Publié le 05 février 2014 par Mederic

L’agilité à la conquête de la DSI

devopsDepuis le tournant du siècle les démarches agiles ont fait une entrée progressive dans la DSI[1]. Partant du constat que l’élaboration itérative d’un système informatique par de équipes resserrées et auto-organisées travaillant en collaboration étroite avec les utilisateurs s’avère particulièrement efficace, chacune de ces démarches préconise le déploiement de pratiques et d’outils propres à faire émerger cette agilité, objet de toutes les convoitises. Si le développement logiciel a été le point d’entrée de ces idées, celles-ci ont par la suite essaimé dans le reste de la DSI où elles ont contribué à rénover d’autres activités. Une exigence de cohérence culturelle en est à la cause principale. Difficile en effet de concevoir la mise en place d’une culture qui serait l’apanage des seules équipes de développement sans transformer également les modes de fonctionnement des autres équipes avec lesquels elles interagissent.
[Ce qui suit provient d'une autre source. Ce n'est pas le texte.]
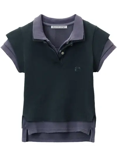 blue-grey polo collar embroidered logo at the chest layered effect distressed effect cropped

A ce titre, le management d’équipes agiles doit par exemple être repensé en profondeur. De même les interactions entre les équipes de développement et les équipes d’exploitation devront être revues et c’est là précisément ce que préconise le mouvement Devops.

Le constat de Devops

Apparu en 2009 en Belgique, l’acronyme Devops, concaténation de « Development » et « Operations » (exploitation en anglais) désigne un mouvement qui fédère en réalité deux courants de pensée. Le premier est celui des cercles classiques de l’agilité. L’autre est celui des experts de la production informatiques des géants du web tels qu’Amazon, LinkedIn ou Facebook qui estiment que l’expérience acquise par ces pionniers, notamment en matière d’industrialisation des environnements de productions, devrait désormais profiter à toutes les entreprises. Sur un plan culturel, le principal constat que font les partisans de Devops est celui de la dichotomie qui existe traditionnellement entre les équipes de développement et celles en charge de l’exploitation.
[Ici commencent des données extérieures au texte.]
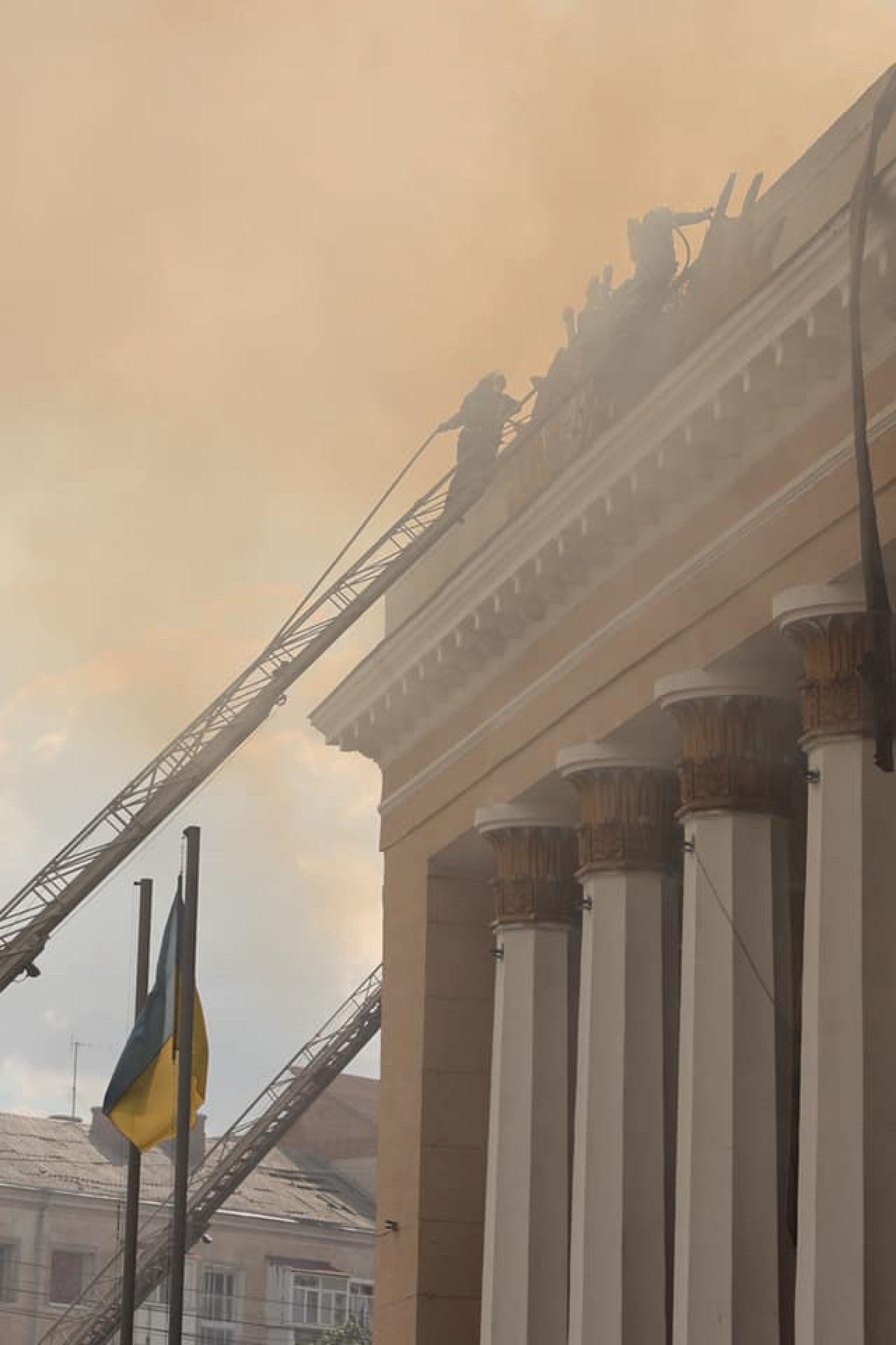 Також дісталось сусіднім будинкам, частина з яких збудовані щонайменше у першій половині ХХ століття, та пам'ятнику на пошану Повітряних Сил ЗСУ 1998 року.

Férues de technologies et aux prises avec des besoins qui varient au gré des humeurs des utilisateurs et des opportunités du marché, les équipes de développement sont souvent familiarisées avec les principes de l’agilité. Elles manifestent un intérêt spontané pour l’innovation technologique qu’elles conçoivent avant tout comme une source de gratification professionnelle. Leur perception de la production, en caricaturant un peu, est celle d’une petite secte d’individus qui appuient sur des boutons et restent crispés sur deux ou trois technologies obsolètes.

Les équipes de productions sont cependant celles que l’on réveille à trois heures du matin lorsqu’un service  tombe en panne. Non sans raisons légitimes, elles se considèrent donc comme étant « au front » et responsables en dernier ressort de la disponibilité effective du SI auprès des clients et des partenaires. Le foisonnement technologique, loin de les réjouir, est leur principal ennemi. Dans un département de production on aime l’uniformité et les standards, de préférence en nombre limité. Et lorsqu’une solution a fait ses preuves, on n’y touche plus ! Les développeurs quant à eux sont perçus comme une bande d’adolescents immatures pour qui la technologie n’est qu’un terrain de jeu personnel.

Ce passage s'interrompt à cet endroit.